Une atteinte rénale est typiquement confirmée lors de perte concomitante de la capacité à concentrer l’urine (densité urinaire < 1.030 chez le chien et < 1.035 chez le chat) et de RPCU augmenté (en l’absence d’inflammation/hématurie à l’urologie).
La valeur seuil de référence de la SDMA classiquement retenue pour détecter une atteinte du débit de filtration glomérulaire est de 14 µg/dl (sensibilité de 90 % pour la détection d’une baisse du DFG de plus de 40 %). Cependant, la spécificité est médiocre (environ 50 %). Une étude montre qu’une valeur seuil modifiée de 18 µg/dl autorise une sensibilité toujours importante (90 %) mais augmente la spécificité à 83 %.

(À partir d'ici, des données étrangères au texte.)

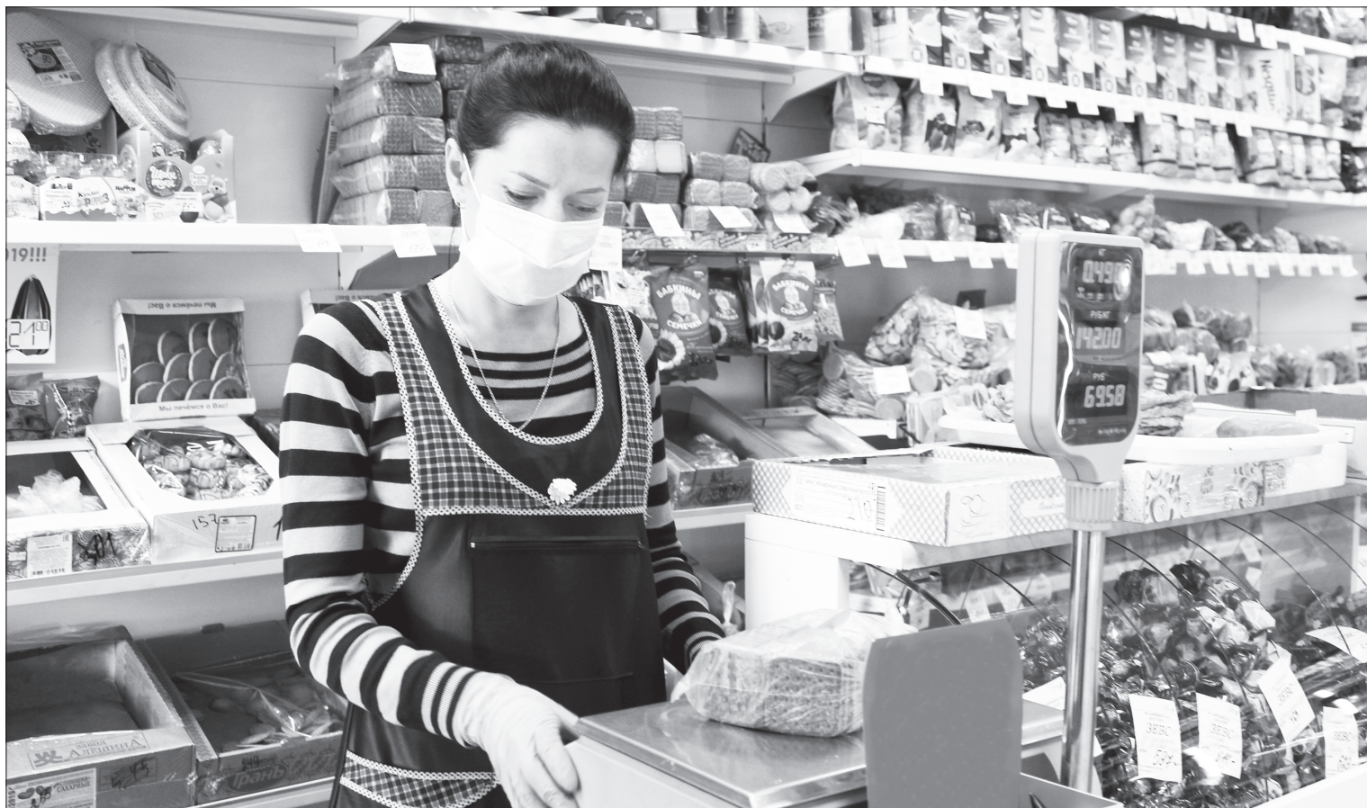
Режим самоизоляции не касается продавцов продовольственных магазинов и аптечных пунктов. Они из тех, кто обязан каждый день ходить на работу – в места массового скопления народа. А потому средства защиты, маски и перчатки, обязательны

La concentration des sels biliaires peut augmenter en raison d’une diminution de la masse fonctionnelle hépatique (ex. hépatite chronique, nécrose, néoplasme diffus), un shunt vasculaire (ex. SPS congénital ou acquis) ou une cholestase. La sévérité et la nature précise de l’atteinte hépatobiliaire ne peuvent être précisées par la seule mesure des sels biliaires.
Chez le chien/chat, il est recommandé de doser la concentration pré (à jeun) et post-prandiale (2h après un repas riche en graisses). La valeur basale est parfois supérieure à la valeur post-prandiale (contraction spontanée de la vésicule biliaire avant le repas).
Il s’agit d’un paramètre sensible pour mettre en évidence une dysfonction hépatobiliaire (sensibilité proche de 80%), en particulier un shunt porto-systémique (sensibilité proche de 100% dans ce cas). Ce paramètre est également très spécifique (proche de 100%).
Note : la fiabilité de ce paramètre est proche de l’ammonium, avec le net avantage d’être bien plus stable (l’ammonium doit être mesuré sur un plasma rapidement séparé, non hémolysé, non exposé à l’air, et maintenu à 4°C jusqu’à la mesure (<4 h)).

1/ Une valeur élevée de T4 libre permet généralement de confirmer une hyperthyroïdie. Dans quelques cas (+/- 5% des chats), la T4 libre peut être augmentée avec des pathologies extra-thyroïdiennes.

2/ Une valeur  » normale-haute  » de T4 libre ne permet pas d’exclure une hyperthyroïdie si la présentation clinique est évocatrice. La T4 libre reste dans les normes (hautes) chez environ 15% des chats hyperthyroïdiens.
Ceci peut s’expliquer par une forme débutante ou légère d’hyperthyroïdie. Une comorbidité (ex. diabète, IRC, MICI) et certaines médications (corticoïdes, TMS, AINS) peuvent aussi abaisser la T4 libre. Un suivi est alors recommandé après traitement éventuel (si possible) des comorbidités, et/ou interruption des médications pouvant abaisser la T4 libre.
NOTE : sur des situations équivoques, il a été montré que la TSH canine (cTSH) peut être mesurée : une valeur effondrée pourra renforcer la suspicion d’une hyperthyroïdie (30% des chats euthyroïdiens ont toutefois une TSH non mesurable).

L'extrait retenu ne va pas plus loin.